Advantages and Disadvantages of Supernetting
Advantages
- Supernetting reduces and controls the traffic on the network
- It also helps in solving the lack of IP address problems.
- Routing table is minimized by the Supernetting.
- By Supernetting, entries of routing information are summarized into a single entry of the routing table which results in a decrement in the size of the routing table; hence Supernetting saves memory space.
Disadvantages
- It is unable to cover different areas of the network when several entries are merged.
- Another disadvantage is that all networks must be in the same class, and every IP address needs to be contiguous.
- In Supernetting, block combinations must be in the power of 2 periodically. Suppose there is a requirement of 3 blocks, then 4 number blocks will be assigned.
Conclusion
- Supernetting is performed for aggregating multiple networks into a single network.

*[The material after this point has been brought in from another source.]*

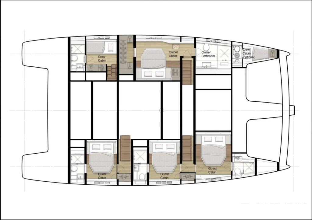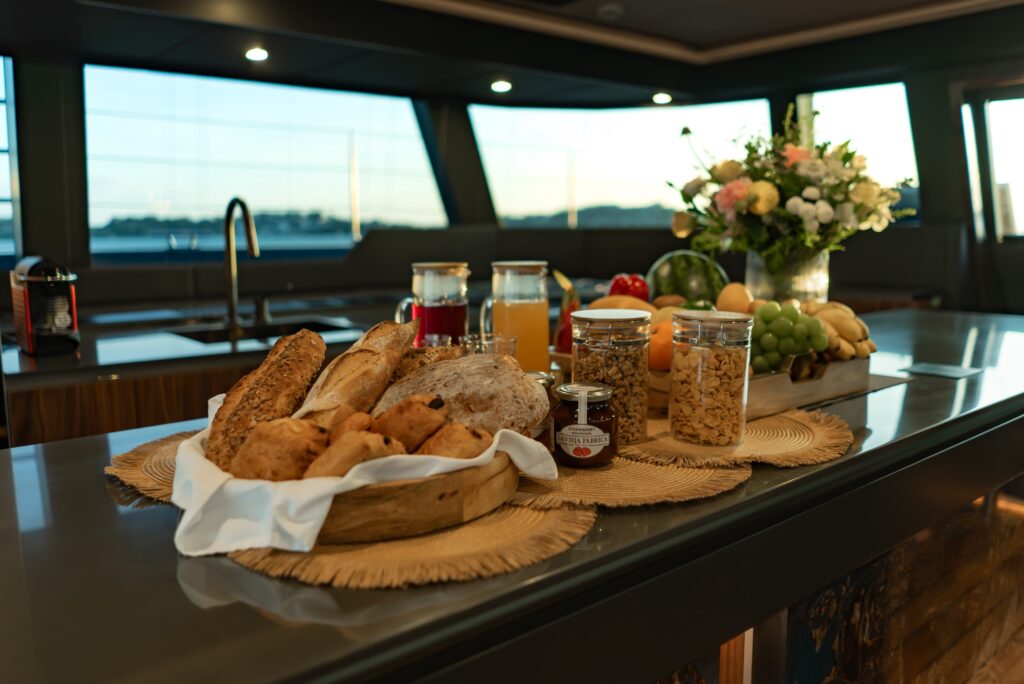 Perfect for families or groups, this Sunreef charter catamaran comfortably accommodates up to 8 guests with a thoughtfully designed layout that includes a luxurious king master suite and three generous queen cabins, all with private en-suite bathrooms. Contemporary interiors, soft premium linens, and large windows offering plenty of natural light make every cabin a peaceful escape. It’s the ideal setting for unwinding after a day spent exploring the Andaman Sea on your Sunreef 60 Eco in Phuket.

- CIDR Value, Network ID, Subnet Mask, Broadcast ID, and Block Size of every route are required for performing the Supernetting.
- Classless Inter-Domain Routing(CIDR) supported Routing protocols are the requirement of Supernetting.
- Contiguous, Same Size, and Divisibility are the three rules that must be satisfied for performing the Supernetting.
- One reason for doing Supernetting is to reduce the routing table size, thus saving memory.
- For Supernetting, all the networks are to be required in the same class.